3. Une « control room » centralisée
Si les machines sur la ligne de production sont toutes intelligentes et connectées, elles génèreront alors un énorme flot de données qu’il incombera à l’entreprise de collecter et d’analyser pour mieux réagir.
Cela implique la création de centres de contrôle – des « control rooms » – qui récolteront les données de plusieurs machines, voire de plusieurs sites de production. Ces centres monitoreront en temps réel l’activité de l’ensemble de la chaîne de production et utiliseront les données pour assister les opérateurs dans leurs tâches.
Les données peuvent être envoyées sur un dispositif mobile qui permettra aux décisionnaires de surveiller leur parc de machines n’importe où et à tout moment. « C’est presque une usine dans sa poche ! Regardez, dit Pascal Brier en tapotant sur son Smartphone, là je me connecte en temps réel à une usine en Espagne. J’ai accès aux données de toutes les machines ».
Ces control rooms ont de nombreux avantages. Elles donnent de la visibilité en temps réel, elles offrent la capacité de contrôler à distance la production, notamment pour réagir aux éventuels problèmes. Surtout, elles permettent de faire de l’analyse de données avancée et de créer ainsi des scénarios ou des simulations pour imaginer comment la productivité pourrait être améliorée.

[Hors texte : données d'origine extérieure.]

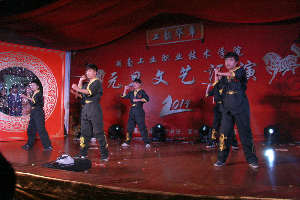 晚会分为温暖前行、瑞雪丰年、福马迎春三章。在精彩的现场节目之余,各系学生代表也送上了新年祝福,祝福学院越来越好,师生健康快乐。整场晚会展示了我院师生才华,彰显了师生积极向上的良好精神风貌。过去的一年,我们同心同德,开创佳绩。我们挥洒汗水,放飞希望。新的一年,愿我们昂首阔步,点燃激情。愿我们温馨和谐,收获喜悦。祝福湖南工业职院2014年马到功成!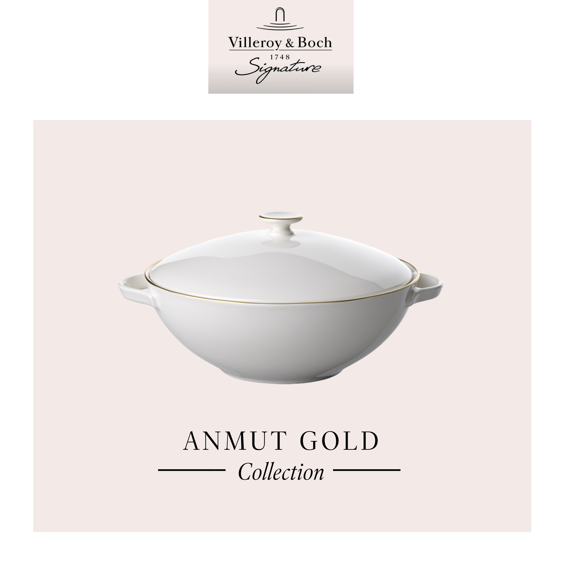 The Anmut Gold collection features hand-painted decorative lines made with fine gold on elegant white, high-quality porcelain. It is precisely this interplay between Premium Bone Porcelain and real gold that gives the collection a sense of style and class. Perfect for anyone who loves both quality and elegance. Nothing beats a delicious soup that tastes even better when served in our tureen – the pattern will remain brilliant for a long time thanks to "Inglaze Gold" technology. Make your table more beautiful with the timeless charm of fine gold.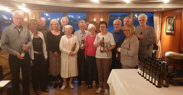 Vertriebsleiter Ulrich Steuerwald vom Weinkontor Edenkoben präsentierte eine abwechslungsreiche Weinprobe aus dem großen Sortiment, anschließend konnten die Gäste gerne noch einen guten Schluck ihrer jeweiligen Favoriten genießen.Nach der Reise ist vor der Reise: auf der Heimfahrt mit dem Bus informierte Peter Hausch über die diesjährige Silvesterreise mit der MS Switzerland auf dem Rhein (Jahreswechsel bei Koblenz unterhalb der Festung Ehrenbreitstein mit tollem Blick auf das sensationelle Feuerwerk) und die Leserreise 2020 auf der Seine mit der MS Excellence Royal. hs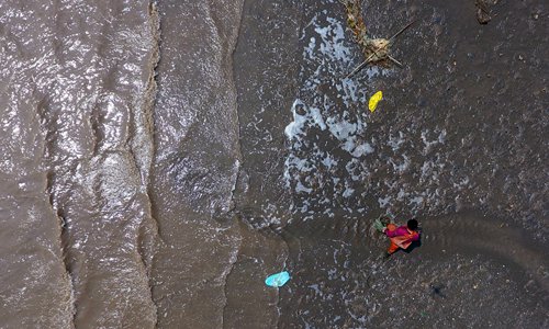 A local fisherman picks up trash at a beach in North China's Tianjin Municipality on March 24. Photo: IC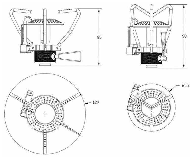 | Плюсы: | Отличная горелка, хорошо держит посуду. Вода закипает быстро |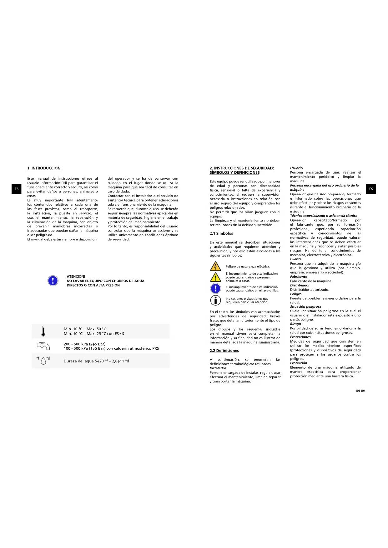 A continuación, se enumeran las definiciones terminológicas utilizadas. Instalador Persona encargada de instalar, regular, usar, efectuar el mantenimiento, limpiar, reparar y transportar la máquina. Usuario Persona encargada de usar, realizar el mantenimiento periódico y limpiar la máquina. Persona encargada del uso ordinario de la máquina Operador que ha sido preparado, formado e informado sobre las operaciones que debe efectuar y sobre los riesgos existentes durante el funcionamiento ordinario de la máquina. Técnico especializado o asistencia técnica Operador capacitado/formado por el fabricante que, por su formación profesional, experiencia, capacitación específica y conocimientos de las normativas de seguridad, puede valorar las intervenciones que se deben efectuar en la máquina y reconocer y evitar posibles riesgos. Ha de tener conocimientos de mecánica, electrotécnica y electrónica. Cliente Persona que ha adquirido la máquina y/o que la gestiona y utiliza (por ejemplo, empresa, empresario o sociedad). Fabricante Fabricante de la máquina. Distribuidor Distribuidor autorizado. Peligro Fuente de posibles lesiones o daños para la salud. Situación peligrosa Cualquier situación peligrosa en la cual el usuario o el instalador está expuesto a uno o más peligros. Riesgo Posibilidad de sufrir lesiones o daños a la salud por existir situaciones peligrosas. Protecciones Medidas de seguridad que consisten en utilizar los medios técnicos específicos (protecciones y dispositivos de seguridad) para proteger a los usuarios contra los peligros. Protección Elemento de una máquina utilizado de manera específica para proporcionar protección mediante una barrera física. Peligro de naturaleza eléctrica. El incumplimiento de esta indicación puede causar daños a personas, animales o cosas. Indicaciones o situaciones que requieren particular atención. El incumplimiento de esta indicación puede causar daños en el lavavajillas.107106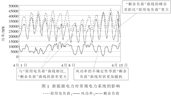確保安全、高質(zhì)量供電,同時維持電力供需平衡是電力系統(tǒng)面臨的持續(xù)挑戰(zhàn)。社會的用電需求是實時變化的,晝夜和季節(jié)性用電負荷存在峰谷差,而電力供需平衡的常規(guī)調(diào)節(jié)方式是通過改變發(fā)電機組的出力來適應(yīng)需求變化。在役發(fā)電機組可分兩類:承擔基本負荷的機組(下稱:基荷機組)和變負荷機組?;蓹C組的出力基本維持不變,而變負荷機組的出力則隨需求的變化而變化。為分析新能源電力對常規(guī)電力系統(tǒng)的影響,將新能源發(fā)電量視為所減少的用電負荷,此時常規(guī)發(fā)電機組需要提供的電量等于原用電負荷減去新能源機組的發(fā)電量,文中定義為“剩余負荷”。對比“原用電負荷”和“剩余負荷”曲線,可說明新能源電力對常規(guī)電力系統(tǒng)的影響。圖1是美國Texas州某地區(qū)2005年的雙周用電負荷與風力發(fā)電數(shù)據(jù)[1]。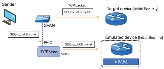 - TCPSync: It is a software module, running outside the emulated device that forwards all received packets from a PNIC, transforming some packets if necessary, to a VNIC attached to the emulated device. The main work of this module is to conduct transparent conversion of certain packet flows through connection-oriented protocols such as TCP. Details on TCPSync will be presented in the next section.

4. L’interaction entre les hommes et les machines
L’industrie 4.0, c’est enfin l’avènement de la robotisation dans les ateliers. Les « cobots » ou robots collaboratifs sont conçus pour partager la peine entre l’homme et la machine, en confiant au robot l’aspect pénible de la tâche et en laissant à l’homme l’aspect décisionnel. Cela a de vraies conséquences positives sur le fonctionnement de l’atelier. « McKinsey estime ainsi que la productivité unitaire par poste pourrait être augmentée de 75% ! »
Mais ce n’est pas qu’une problématique de productivité, rappelle Pascal Brier. C’est aussi une question de sûreté. Les cobots vont ainsi permettre l’accès à des zones difficiles ou sensibles. Ils pourront par exemple s’approcher de sources de forte chaleur, de zones électriques, etc. « Il s’agit donc d’aller plus vite, tout en améliorant la sécurité des collaborateurs sur site. »
L’industrie 4.0 a déjà commencé son bouleversement au sein de l’aéronautique. L’intégration verticale de la production sera une réalité d’ici 2020, estime Pascal Brier. Une nouvelle donne qui ne va pas sans mettre au jour de nouveaux enjeux : « le garant de l’industrie 4.0 est sans conteste la cyber-sécurité. La réflexion sur la protection des données numériques est au cœur de la transformation de nos industries ».
Pascal Brier est, entre autre, en charge d’un World Class Center dédié à l’advanced manufacturing (industrie 4.0, smart manufacturing). Il s’agit d’un centre d’expertise mis en place par Altran pour offrir à ses clients les possibilités de mise en œuvre de l’industrie 4.0 dans leurs secteurs. Ce World Class Center sera lancé très prochainement.